++++ TASK MATERIAL ++++
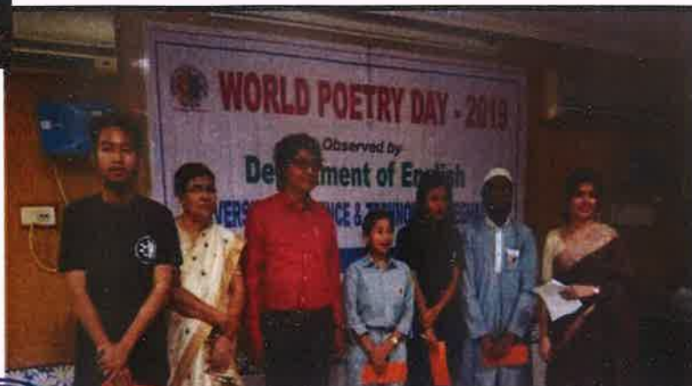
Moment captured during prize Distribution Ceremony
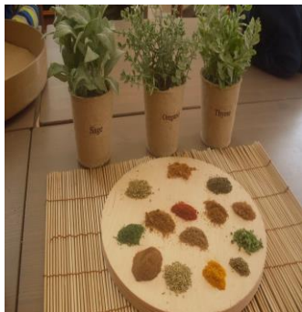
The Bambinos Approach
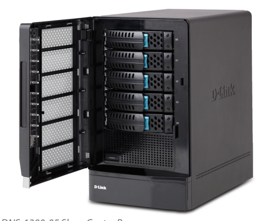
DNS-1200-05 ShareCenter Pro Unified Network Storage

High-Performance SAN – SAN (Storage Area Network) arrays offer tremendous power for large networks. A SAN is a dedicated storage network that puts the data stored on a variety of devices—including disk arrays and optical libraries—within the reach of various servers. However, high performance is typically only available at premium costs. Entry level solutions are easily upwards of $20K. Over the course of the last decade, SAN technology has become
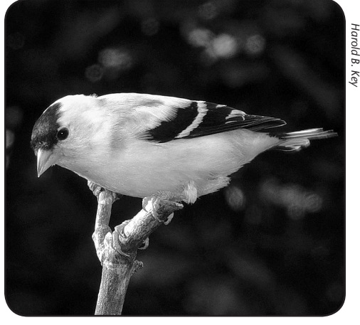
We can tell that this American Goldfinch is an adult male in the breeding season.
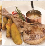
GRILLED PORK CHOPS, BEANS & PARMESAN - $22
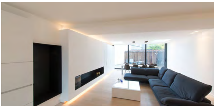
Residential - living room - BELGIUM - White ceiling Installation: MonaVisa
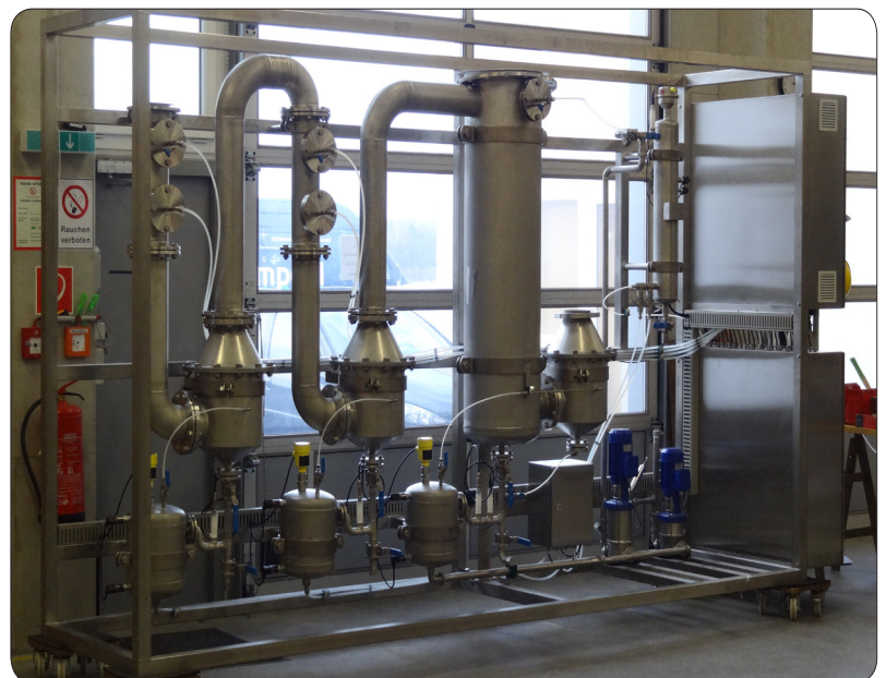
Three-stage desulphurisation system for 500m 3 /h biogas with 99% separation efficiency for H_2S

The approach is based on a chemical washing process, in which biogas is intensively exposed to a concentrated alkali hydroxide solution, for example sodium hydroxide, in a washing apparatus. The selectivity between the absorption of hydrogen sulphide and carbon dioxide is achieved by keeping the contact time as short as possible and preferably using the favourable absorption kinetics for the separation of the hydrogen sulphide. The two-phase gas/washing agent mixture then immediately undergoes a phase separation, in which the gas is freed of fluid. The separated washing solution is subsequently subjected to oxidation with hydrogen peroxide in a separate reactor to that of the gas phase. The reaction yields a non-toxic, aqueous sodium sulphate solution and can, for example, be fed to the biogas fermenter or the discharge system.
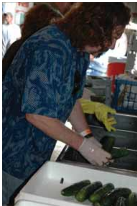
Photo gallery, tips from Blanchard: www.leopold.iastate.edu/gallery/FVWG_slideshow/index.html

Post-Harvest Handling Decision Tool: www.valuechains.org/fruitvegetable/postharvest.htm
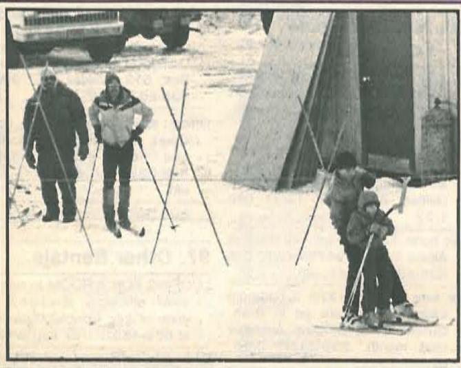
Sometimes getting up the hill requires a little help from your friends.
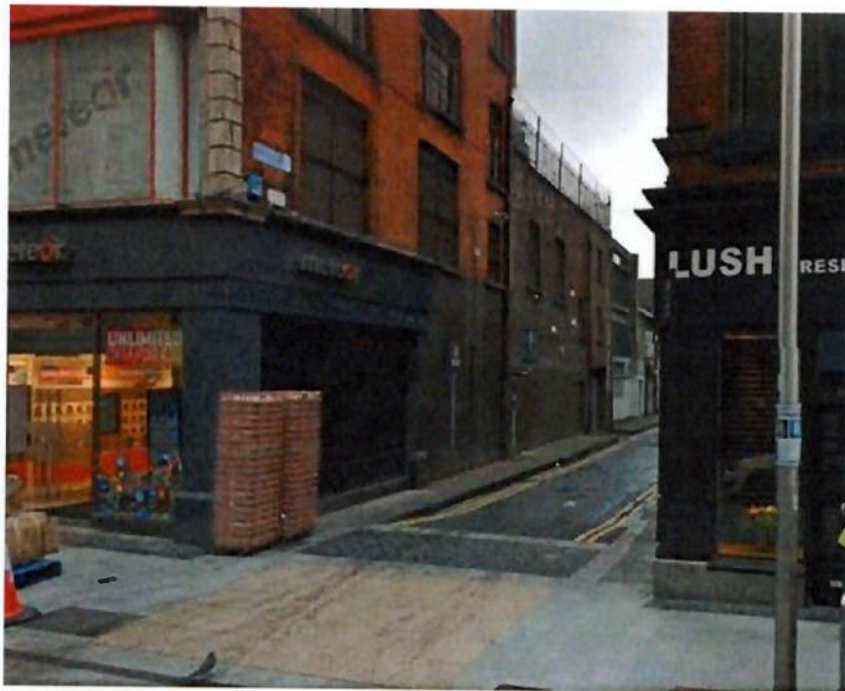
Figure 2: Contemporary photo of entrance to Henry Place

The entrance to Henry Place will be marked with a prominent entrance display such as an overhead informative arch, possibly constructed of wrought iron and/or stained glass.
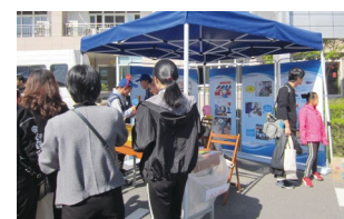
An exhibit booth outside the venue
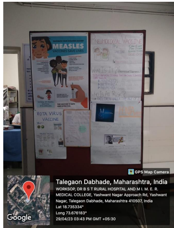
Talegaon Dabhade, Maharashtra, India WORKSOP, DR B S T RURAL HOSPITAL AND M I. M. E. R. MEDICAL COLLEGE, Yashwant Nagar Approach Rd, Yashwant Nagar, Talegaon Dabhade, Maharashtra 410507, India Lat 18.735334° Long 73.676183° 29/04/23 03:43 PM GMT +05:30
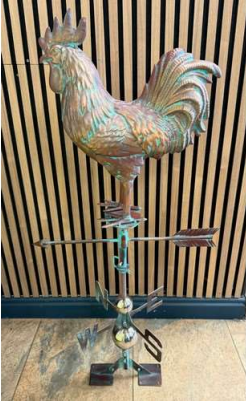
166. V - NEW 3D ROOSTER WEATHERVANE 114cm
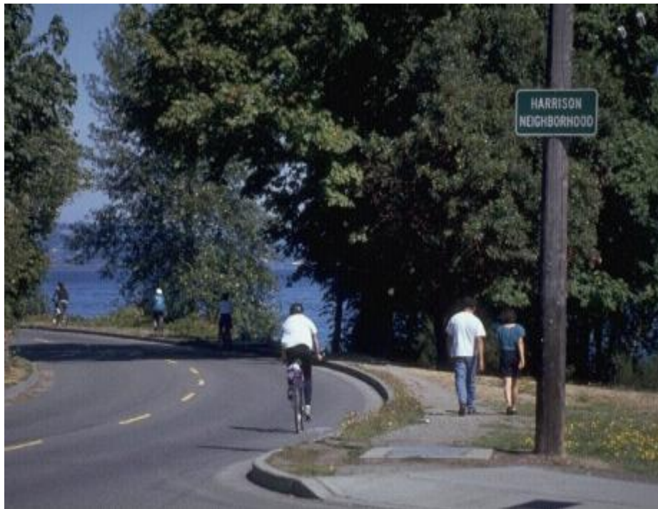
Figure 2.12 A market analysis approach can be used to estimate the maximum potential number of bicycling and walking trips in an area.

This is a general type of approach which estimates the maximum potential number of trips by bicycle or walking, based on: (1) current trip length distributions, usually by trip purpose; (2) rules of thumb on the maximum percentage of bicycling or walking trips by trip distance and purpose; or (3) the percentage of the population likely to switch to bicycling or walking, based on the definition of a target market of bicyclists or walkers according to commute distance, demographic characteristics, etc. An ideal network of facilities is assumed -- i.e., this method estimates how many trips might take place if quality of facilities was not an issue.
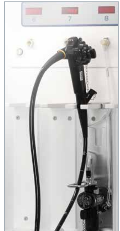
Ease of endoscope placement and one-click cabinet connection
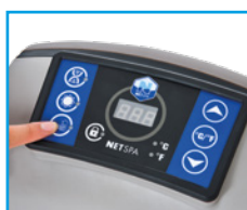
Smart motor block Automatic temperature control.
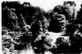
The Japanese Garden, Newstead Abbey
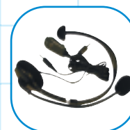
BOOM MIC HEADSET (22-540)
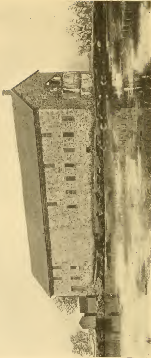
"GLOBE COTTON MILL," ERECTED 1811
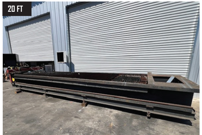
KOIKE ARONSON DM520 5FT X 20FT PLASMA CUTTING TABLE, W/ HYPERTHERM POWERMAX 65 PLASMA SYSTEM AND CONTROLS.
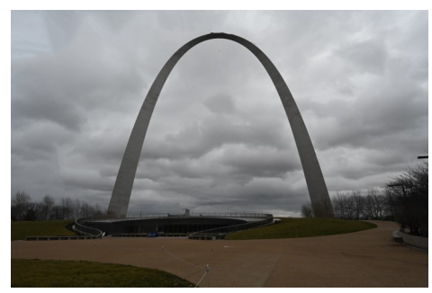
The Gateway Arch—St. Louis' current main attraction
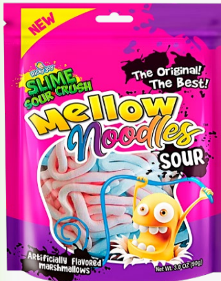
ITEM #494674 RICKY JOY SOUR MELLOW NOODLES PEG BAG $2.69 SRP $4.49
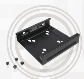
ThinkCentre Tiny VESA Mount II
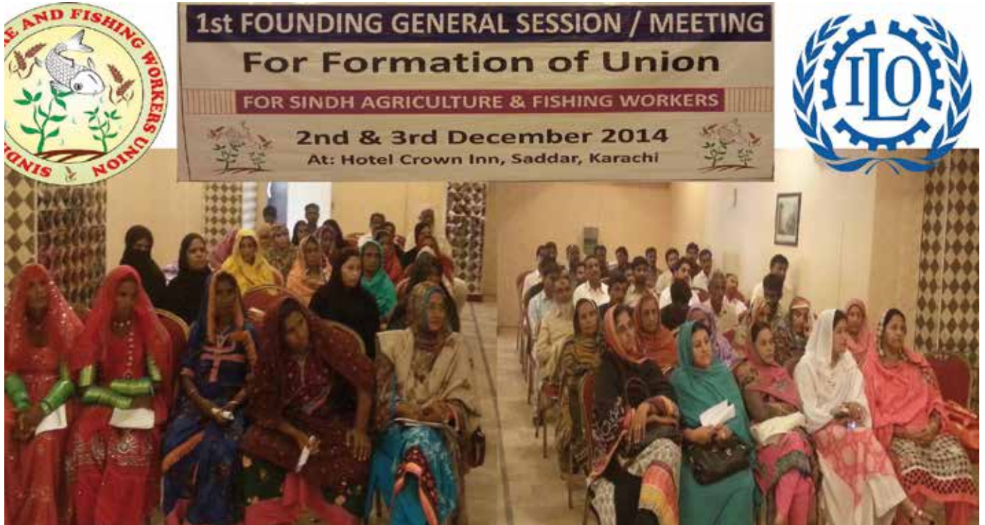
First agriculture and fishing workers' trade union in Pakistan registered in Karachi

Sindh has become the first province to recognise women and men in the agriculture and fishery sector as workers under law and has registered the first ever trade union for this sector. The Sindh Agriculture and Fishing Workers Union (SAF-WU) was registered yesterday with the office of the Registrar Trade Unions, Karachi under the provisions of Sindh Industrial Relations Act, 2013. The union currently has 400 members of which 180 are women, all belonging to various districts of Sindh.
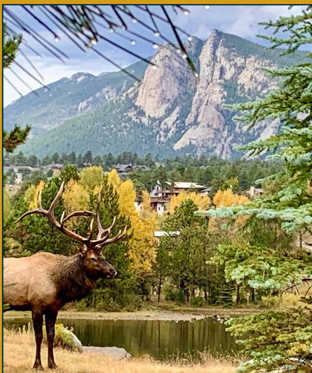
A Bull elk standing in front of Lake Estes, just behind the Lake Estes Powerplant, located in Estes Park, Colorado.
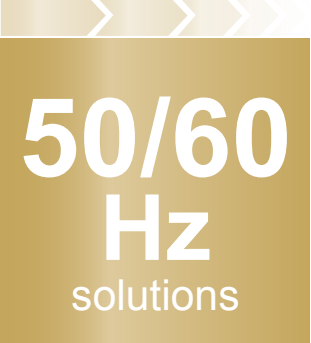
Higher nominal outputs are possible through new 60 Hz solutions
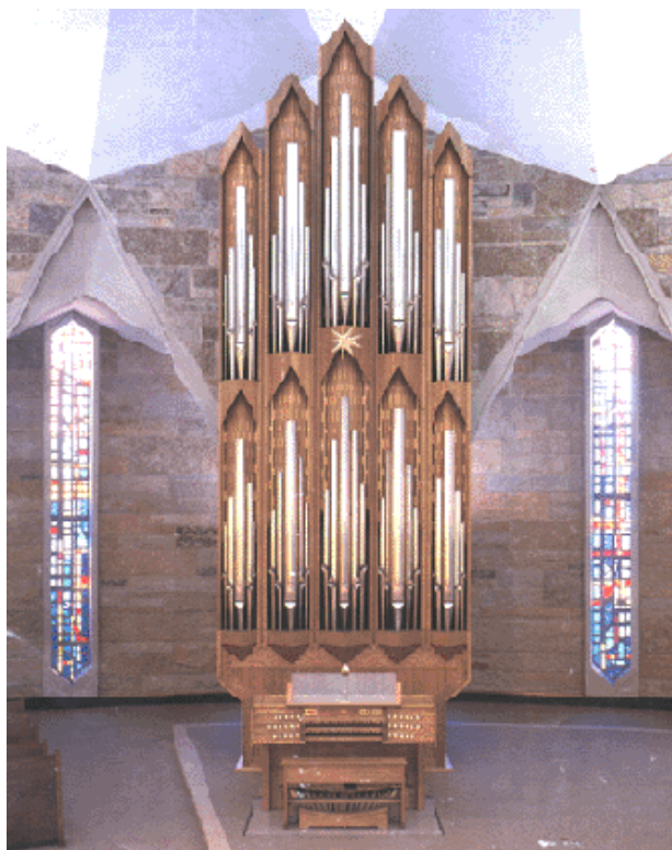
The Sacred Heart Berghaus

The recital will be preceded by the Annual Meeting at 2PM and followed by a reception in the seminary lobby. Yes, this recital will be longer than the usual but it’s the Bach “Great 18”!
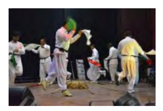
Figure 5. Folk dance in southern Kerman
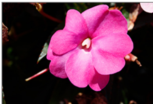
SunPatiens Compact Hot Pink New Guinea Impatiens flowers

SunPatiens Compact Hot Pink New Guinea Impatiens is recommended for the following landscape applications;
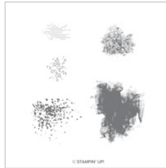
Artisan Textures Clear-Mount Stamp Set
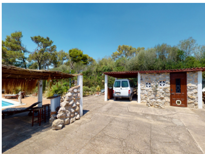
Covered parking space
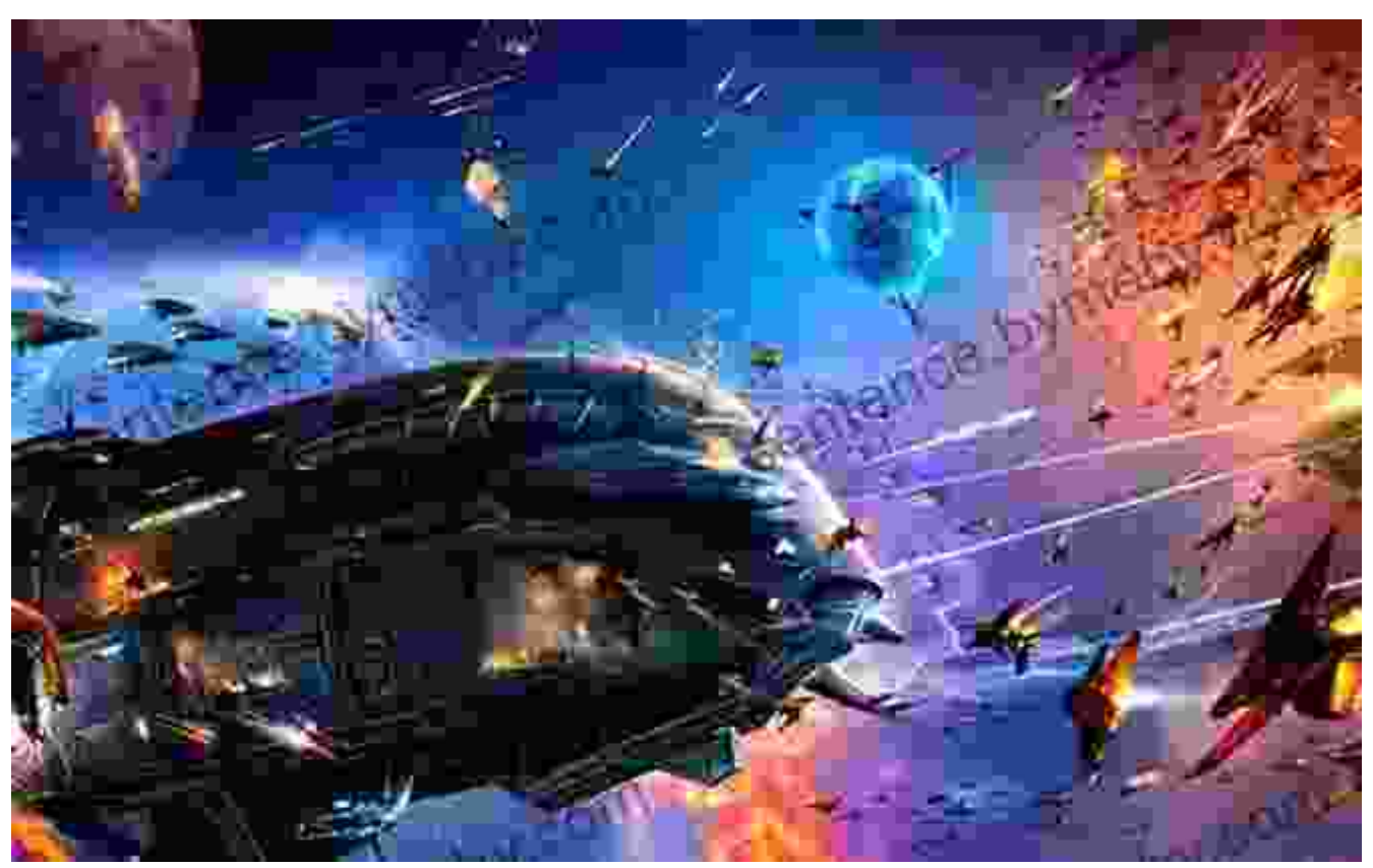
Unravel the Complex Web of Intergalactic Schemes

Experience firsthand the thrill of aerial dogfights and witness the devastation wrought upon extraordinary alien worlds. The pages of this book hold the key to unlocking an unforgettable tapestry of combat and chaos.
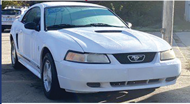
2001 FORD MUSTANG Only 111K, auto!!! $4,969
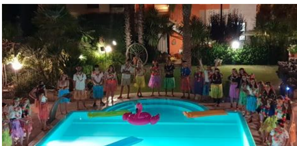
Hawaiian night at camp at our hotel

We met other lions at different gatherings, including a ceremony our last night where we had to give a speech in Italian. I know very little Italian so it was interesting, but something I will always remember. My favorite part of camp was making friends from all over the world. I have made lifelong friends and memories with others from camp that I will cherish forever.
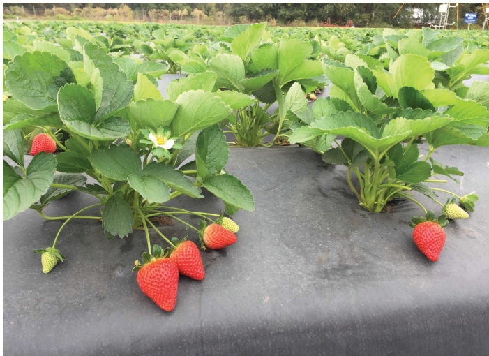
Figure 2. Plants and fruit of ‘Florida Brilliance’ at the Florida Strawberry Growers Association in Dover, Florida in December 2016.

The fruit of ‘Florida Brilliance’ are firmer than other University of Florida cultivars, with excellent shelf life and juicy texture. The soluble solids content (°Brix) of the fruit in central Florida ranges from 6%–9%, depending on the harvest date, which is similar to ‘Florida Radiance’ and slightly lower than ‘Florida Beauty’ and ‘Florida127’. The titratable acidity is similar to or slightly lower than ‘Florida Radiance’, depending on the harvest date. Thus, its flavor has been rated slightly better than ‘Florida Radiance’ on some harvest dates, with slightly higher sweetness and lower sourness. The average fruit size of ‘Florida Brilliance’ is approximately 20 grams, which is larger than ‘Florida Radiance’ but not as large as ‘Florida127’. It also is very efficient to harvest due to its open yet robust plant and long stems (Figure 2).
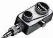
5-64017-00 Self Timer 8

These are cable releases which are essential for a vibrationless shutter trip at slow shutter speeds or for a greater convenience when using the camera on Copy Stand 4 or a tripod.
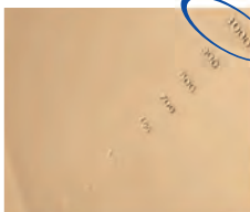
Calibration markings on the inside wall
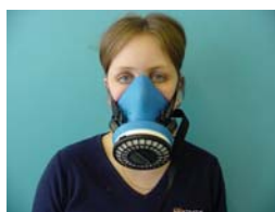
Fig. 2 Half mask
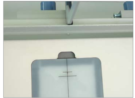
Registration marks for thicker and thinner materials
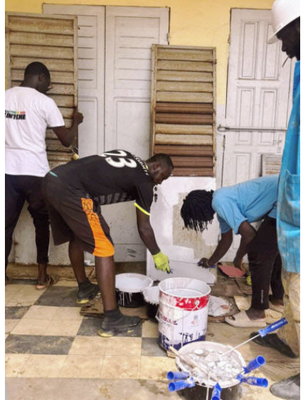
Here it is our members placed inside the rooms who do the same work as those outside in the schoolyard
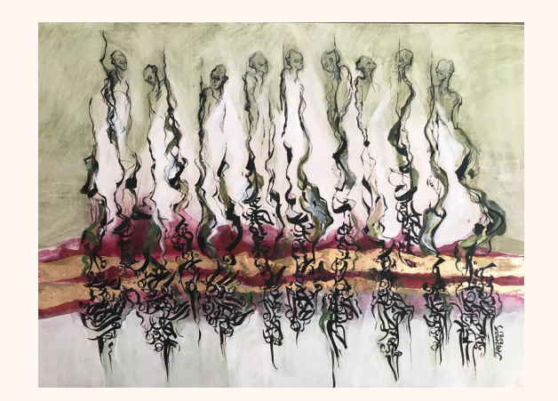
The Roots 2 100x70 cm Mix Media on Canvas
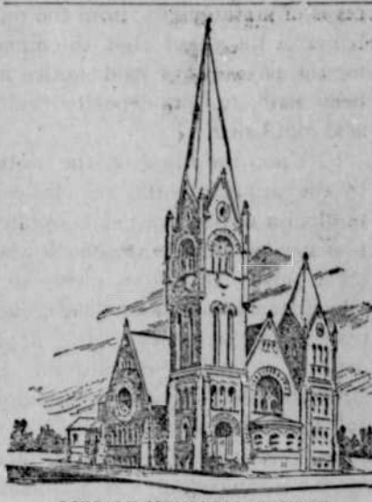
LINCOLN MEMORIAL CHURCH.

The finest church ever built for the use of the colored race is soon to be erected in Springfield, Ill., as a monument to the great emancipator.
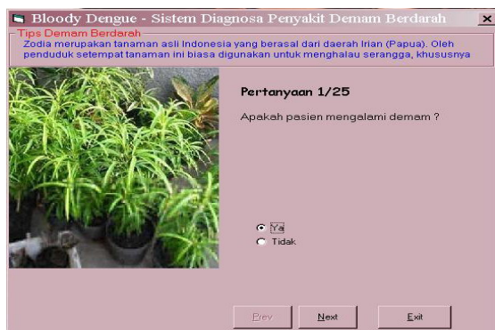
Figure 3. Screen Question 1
++++
» **TASK BRIEF**
Each line above that contains the string "outside" should be identified and copied.

» **TASK ANSWER**
An exhibit booth outside the venue
Here it is our members placed inside the rooms who do the same work as those outside in the schoolyard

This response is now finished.